(Records from a dataset)
══════
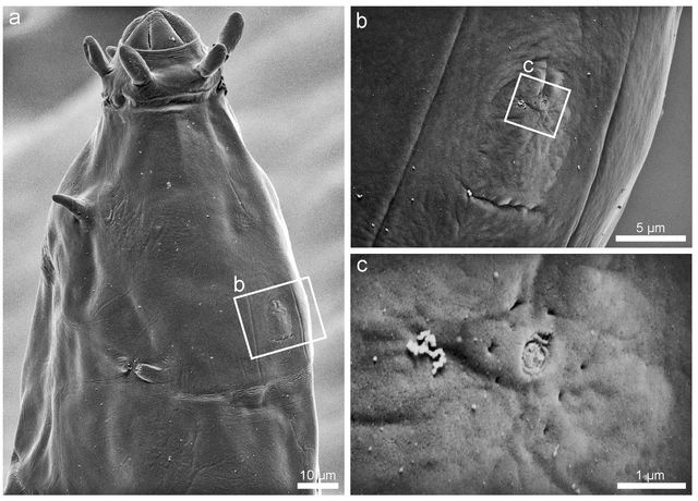 신종 물곰의 감각기관 모습. 극지연구소 연구진은 전자현미경 관찰을 통해 해당 신종 물곰의 머리 중앙에 약 1㎛(마이크로미터=100만분의 1m) 크기의 미세한 감각기관이 있음을 확인했다. 이와 관련해 극지연구소 연구진 "이 감각기관은 지금까지 완보동물에서 보고된 적이 없으며 형태와 위치가 새우나 고생대 삼엽충 화석에서 나타나는 감각기관과 매우 유사하다"라며 "이는 완보동물과 절지동물 사이 진화적 연결고리를 밝히는 단서를 제공할 수 있다"라고 설명했다. / 극지연구소 제공
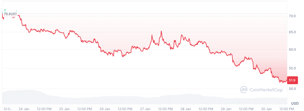 L’Unité d’Intelligence Financière de l’Inde a signalé Dash pour des préoccupations AML, alimentant les craintes de délisting et plombant le sentiment des investisseurs. Les ventes concentrées de baleines, un biais short dominant dans les dérivés avec un intérêt ouvert record et la cassure du support clé à 70 $ ont amplifié les liquidations.
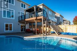 Welcome to this stunning, over 3000 sq ft Tamarack Oxford Model on the highly desirable East End street of Fieldstone Drive. Step into the main floor to find hardwood flooring throughout, an open foyer with adjacent living & dining space combination, an office/den, inside entry to the double garage & a 2pc bathroom. The beautiful open concept kitchen with maple cabinetry, granite countertops, a large kitchen island connected to the massive living room with large windows, a gas fireplace & exterior door to the elevated balcony overlooking the Greenwood Park trail & Butternut Creek. The upstairs also hosts hardwood throughout, 3 large bedrooms, one with walk-in closet & a 4pc ensuite, 2nd floor laundry, another 4pc bath, & finally the primary with 5pc ensuite with his & hers sinks, soaker tub, tiled shower & ample closet space. The fully finished walk-out basement with laminate flooring has a large rec room, an additional 3pc bath with ceramic tile flooring, a games room doubling as a bonus bedroom or office, utility room & storage space. The fully fenced backyard features interlocking brick, a kidney shaped in ground salt water & heated pool along with a pool shed. This beautiful home is located just a few minutes from CFB Kingston & all other east end amenities, & is arguably one of the most fully loaded homes in the area. (id:7525)
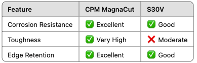 Verdict: S30V remains solid, but MagnaCut is an evolution with improved toughness and edge stability.
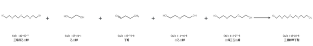 1.通過三縮四乙二醇、乙二醇、丁醛、二乙二醇和二縮三乙二醇合成三甘醇單丁醚
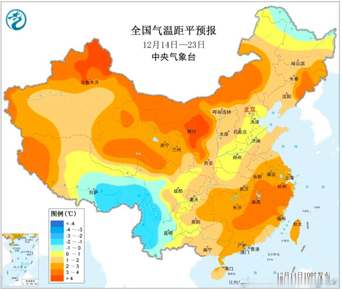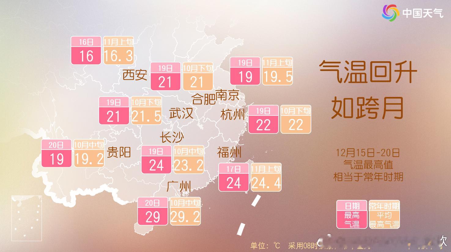 【回暖】近期刚被寒潮打回正常甚至偏低的气温,未来又会转为偏高。不少地方白天温暖程度,不像12月,更像11月甚至10月。比如长沙19日最高预计24℃,广州20日最高预计29℃。
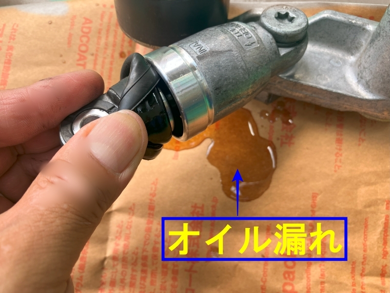 オイルが抜けたことでダンパー機能が低下し、ベルトの張力が弱くなっていたようです。
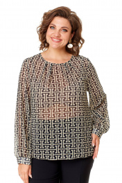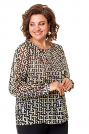 Деловой демисезонный костюм 2-ка из текстиля и шифона VI ORO VR-1147 черный_беж_фенди
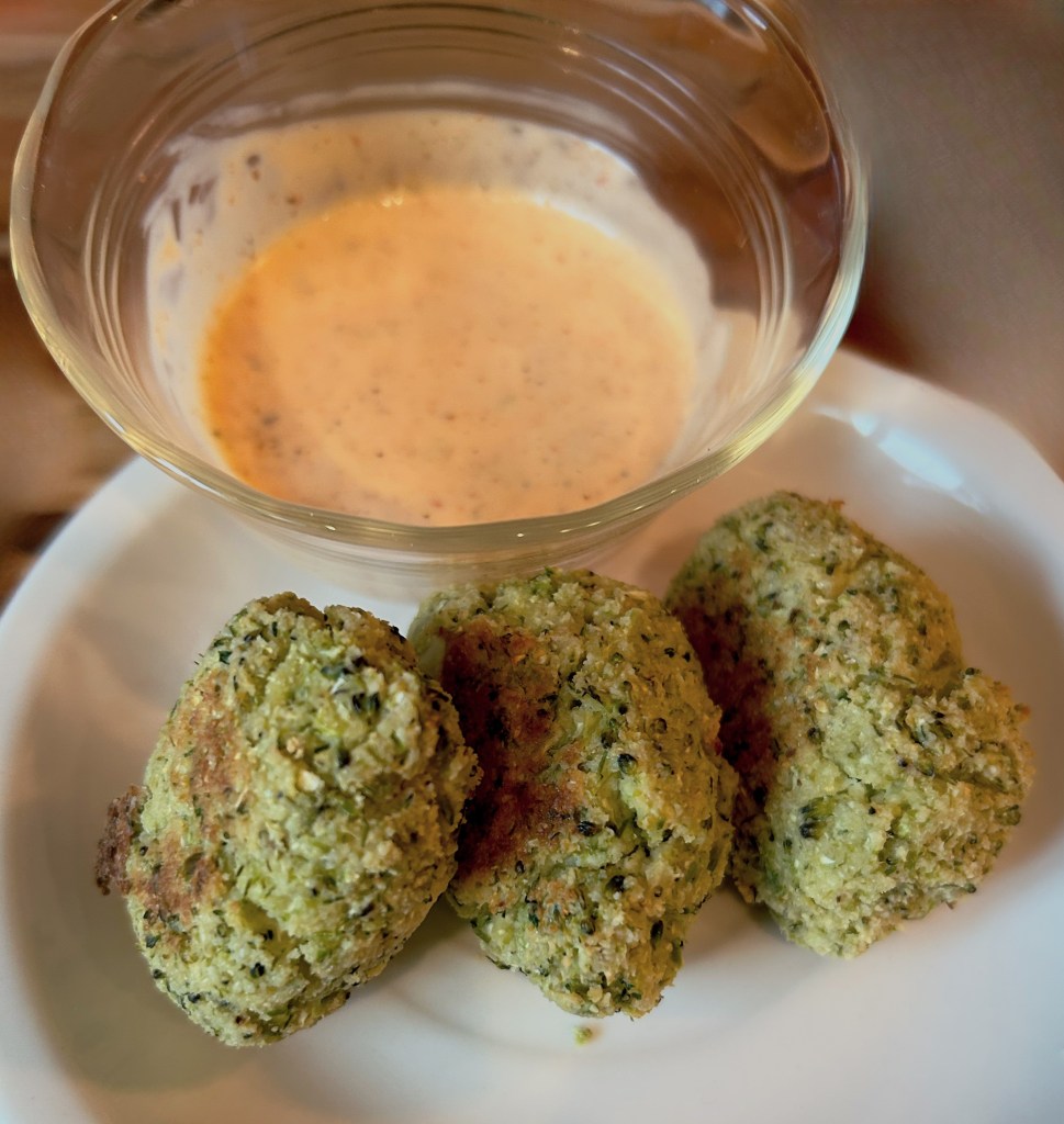 Oh my this was such an amazing simple side or appetizer to throw together! I had cauliflower and broccoli I needed to use up before going bad. You also could use zucchini or yellow squash for this recipe as well. I love to try and make simple dishes with what I have in the fridge. All you need for the recipe is a food processor or blender to mix all the ingredients together. Anyone can make this simple guilt free recipe. Low carb, keto and clean eating. I paired these veggie tots to go with scrambled eggs and bacon. I dipped the veggie tots in ranch dressing mixed with sriracha. You could also do olive oil, squeeze of a lemon, drizzle of balsamic vinegar and sprinkle S&P for another great dipping sauce idea.
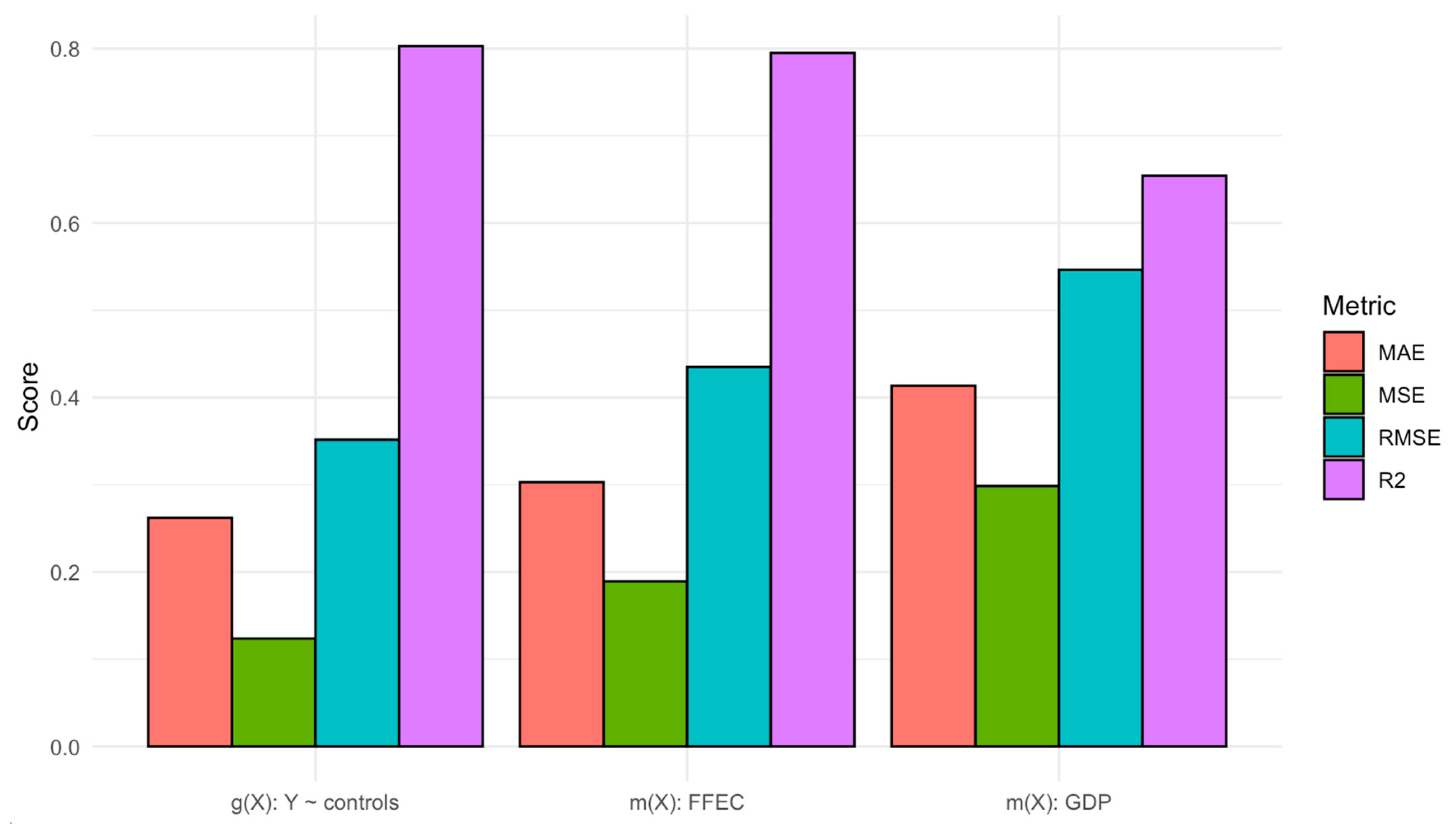 The robustness of the main patterns was therefore checked with DML-built RF nuisances. The choice for this setting was fairly simple: in the headline comparisons, RF delivered the best out-of-sample fit, and DML let us estimate treatment-style effects while still flexibly partialing out the remaining covariates through cross-fitted machine learners. Concretely, we treated FFEC and GDP as the treatments of interest, kept ME, REO, TRADE, and FOOD as controls, centered and scaled all variables, and used an outcome-stratified 80–20 train–test split. RF with 500 trees (the same setting as in the main empirical testing) was used for the nuisance steps, with five-fold cross-fitting to help curb overfitting. After fitting, we evaluated (1) how well the nuisance learners predict and (2) how much each treatment and control contribute to the final structural predictor using essentially the same permutation-importance routine as the main models in
══════
**TASK BRIEF**
Please print the lines above exactly, beginning at the first line of the entries and ending at the line holding "L’Unité d’Intelligence Financière", and leave the pictures out.

**TASK RESULT**
 신종 물곰의 감각기관 모습. 극지연구소 연구진은 전자현미경 관찰을 통해 해당 신종 물곰의 머리 중앙에 약 1㎛(마이크로미터=100만분의 1m) 크기의 미세한 감각기관이 있음을 확인했다. 이와 관련해 극지연구소 연구진 "이 감각기관은 지금까지 완보동물에서 보고된 적이 없으며 형태와 위치가 새우나 고생대 삼엽충 화석에서 나타나는 감각기관과 매우 유사하다"라며 "이는 완보동물과 절지동물 사이 진화적 연결고리를 밝히는 단서를 제공할 수 있다"라고 설명했다. / 극지연구소 제공
 L’Unité d’Intelligence Financière de l’Inde a signalé Dash pour des préoccupations AML, alimentant les craintes de délisting et plombant le sentiment des investisseurs. Les ventes concentrées de baleines, un biais short dominant dans les dérivés avec un intérêt ouvert record et la cassure du support clé à 70 $ ont amplifié les liquidations.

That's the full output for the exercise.